On the way out of town we stopped at a small roadside diner in Salford, north of Tillsonburg and just a mile from the 401. He order bacon and eggs and I had toast and jam with an orange juice. I recall him bantering with the waitress behind the counter. He had been there before. He paid for our breakfast and on the way out the door quipped “screw ya later” to the waitress.
This guy was so cool. How lucky was I too be on this trip!!
That was one of the last things I remember in the following 2 days. By the time we were in Kitchener I was asleep. For the life of me I could not keep my eyes open. I tried. I apologized for being so sleepy. After all, he asked me to come along to keep him company. As hard as I tried, I could not stay awake. I would wake briefly and soon fall back to sleep.

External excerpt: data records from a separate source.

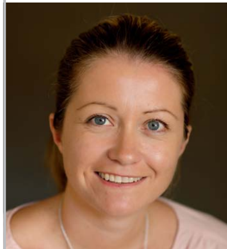
Handlungsbevollmächtigte für Verwaltung

... einer wirtschaftlich ausgebildeten Person – diese trägt in den zuvor festgelegten Pfarren des SR die Verantwortungen und ist Dienstvorsetzte aller Pfarrsekretärinnen.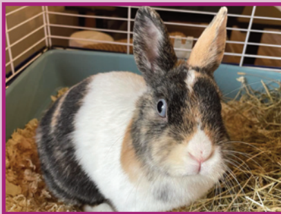
Cookie • Femelle • 2 ans

Transférée en urgence dans nos locaux, Galate faisait partie d'une colonie de chats vivant dans la malpropreté et la maladie. Bien qu'elle ait été remise sur pied, elle souffre désormais de problèmes rénaux. La malchance l'accaparera-t-elle jusqu'au bout ? Nous espérons qu'elle trouvera une famille pour passer la fin de sa vie dans les meilleures conditions possibles.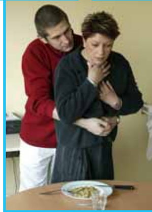
La manœuvre de Heimlich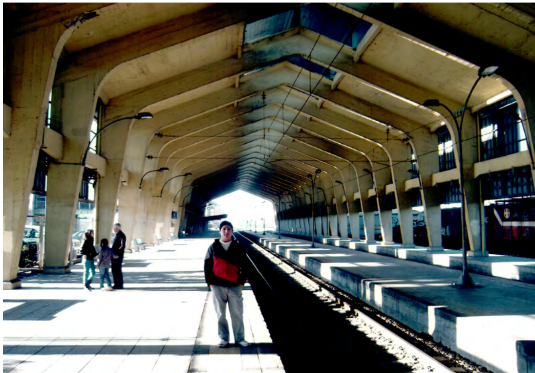
Jonathan en estación de ferrocarriles de Temuco.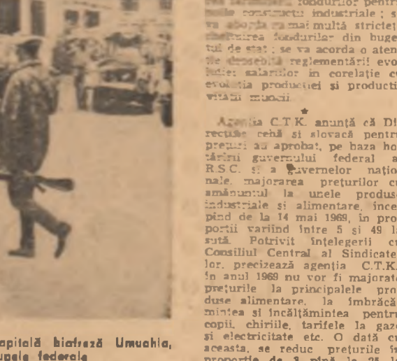
NIGERIA. — Imagine din festa capitalei biofizică Umuhia, ocupată recent de trupele federale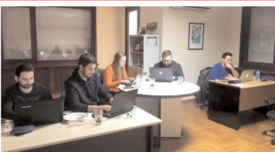
Özel girişimcilerden oluşan ekibin kurs vereceği belirtildi.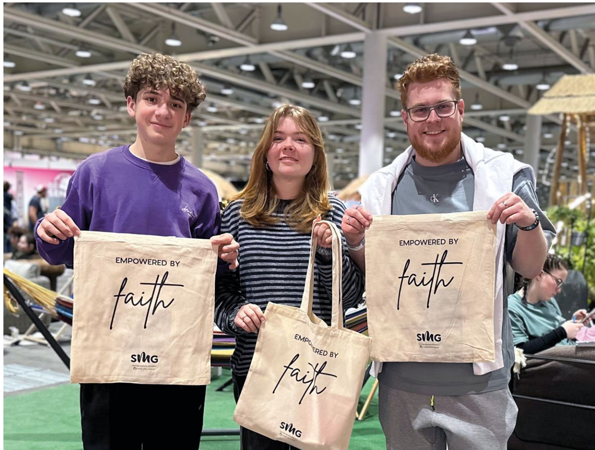
LES SACS DISTRIBUÉS PAR LA SMG SONT DEVENUS UN ACCESSOIRE TRÈS PRISÉ LORS DU PRAISECAMP 2024.

L'année dernière, la SMG a reçu plusieurs legs. Ils sont l'expression d'un attachement profond à la mission mondiale – au-delà de sa propre vie. Nous sommes très reconnaissants de cette confiance.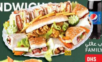
كلوب عائلي FAMILY CLUB

At some point late that day or early evening we arrived at our destination in Quebec City. I have no memory of the trip. I don’t recall stopping for lunch or dinner, though we may have. I don’t recall discussing the scenery, the landscape, the road signs, the language changes, sports, cribbage……..anything at all.
Load delivered, it would be a quick turnaround. We began the return trip.

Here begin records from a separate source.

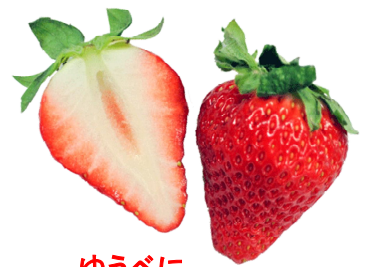
ゆうべに 熊本県オリジナル。2017年登録。かためで濃厚な味わい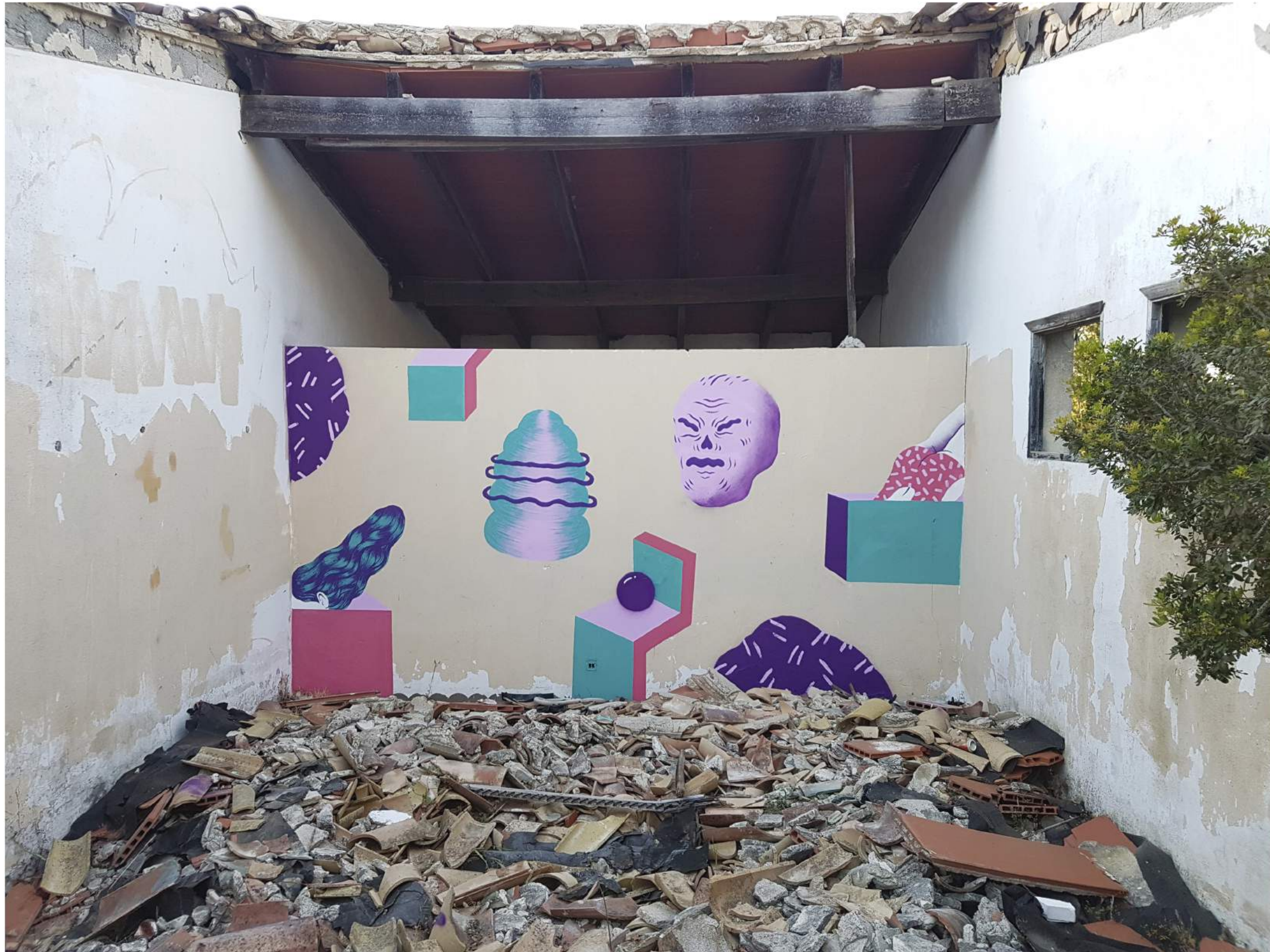
Mural del colectivo 'Coñojungla' (Pruna + Grip Face), Mallorca.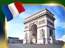
ประตูชัยฝรั่งเศส ปารีส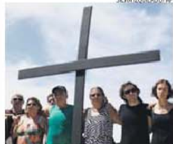
Brasileiros uniram-se pela criança morta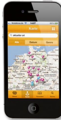
die mobile iPhone-App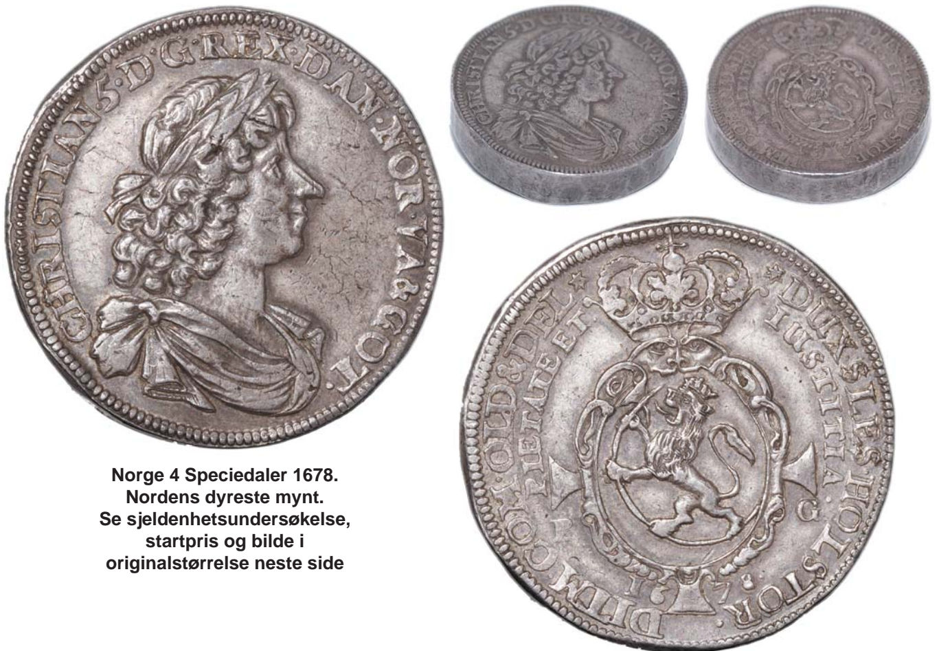
Norge 4 Speciedaler 1678. Nordens dyreste mynt. Se sjeldenhetsundersøkelse, startpris og bilde i originalstørrelse neste side

[Note 1: Fondet L. E. Bruuns Møntsamling, som ligger båndlagt på et slott i 100 år, eier et antall 4 dobbelte speciedalere.]

Late that night or early morning, I vaguely recall stopping at a roadside motel. It may have been in Quebec – I suspect it was. I remember, because I had to get out of the truck to stumble into the motel room. One bed or 2? I don’t know. I was so tired, all I wanted to do was sleep.
No matter how much I slept, I wanted to sleep some more. I was embarrassed and continued to apologize. I was so sorry that I was no companionship – or was I?

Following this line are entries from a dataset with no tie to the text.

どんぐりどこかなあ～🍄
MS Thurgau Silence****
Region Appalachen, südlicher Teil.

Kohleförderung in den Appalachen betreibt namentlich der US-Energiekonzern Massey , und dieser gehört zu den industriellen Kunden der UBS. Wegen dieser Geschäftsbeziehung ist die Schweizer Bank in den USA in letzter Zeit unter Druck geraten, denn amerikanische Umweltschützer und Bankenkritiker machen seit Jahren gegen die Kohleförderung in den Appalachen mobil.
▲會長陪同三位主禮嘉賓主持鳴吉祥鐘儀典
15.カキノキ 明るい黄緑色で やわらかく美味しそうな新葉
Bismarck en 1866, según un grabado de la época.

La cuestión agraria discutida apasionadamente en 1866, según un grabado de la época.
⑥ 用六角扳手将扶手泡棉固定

In the early morning, perhaps around dawn, we got up and back into the rig. It would be another long day and I was determined to stay awake for the trip home. We stopped somewhere for breakfast – more orange juice. My eyelids continued to betray me and felt like massive curtains were being pulled over them time and again. The darkness was all consuming. Again, I have no recollection of conversation, scenery, the trip – nothing.
After a whirlwind 36 hours or so, we arrived back home late afternoon or early evening. He dropped me off at my house and I once again apologized profusely, thinking I will never have another opportunity like this again. I had let him down. What a bore I was!
Dad greeted me and asked how the trip was. I explained that I didn’t remember too much – I was asleep much of the time. I blamed it on the sun, constantly beaming through the window of the big rig. As hard as I tried I could not stay awake. I felt so badly for this man that went out of his way to take me on such a wonderful adventure.
It all seemed so innocent. Perhaps it was. Given that I don’t have irrefutable proof, I will not divulge his name. Though I have wondered hundreds of times throughout my life if I had been molested. Other kids my age from the area may recognize the pattern. I know there were others that went on trips with him, but I don’t know if they had the same experience I did.
The modus operandi of gaining trust of a minor is a well documented pattern of predatory behavior.
Several years later, this same man was accused of sexual assault of a minor.
Coincidence? Or something more nefarious?
I can’t say that I have ever suffered trauma, physical, emotional or otherwise. But I have always wondered about that sleepy trip to Quebec City.
Maybe some things are better unknown.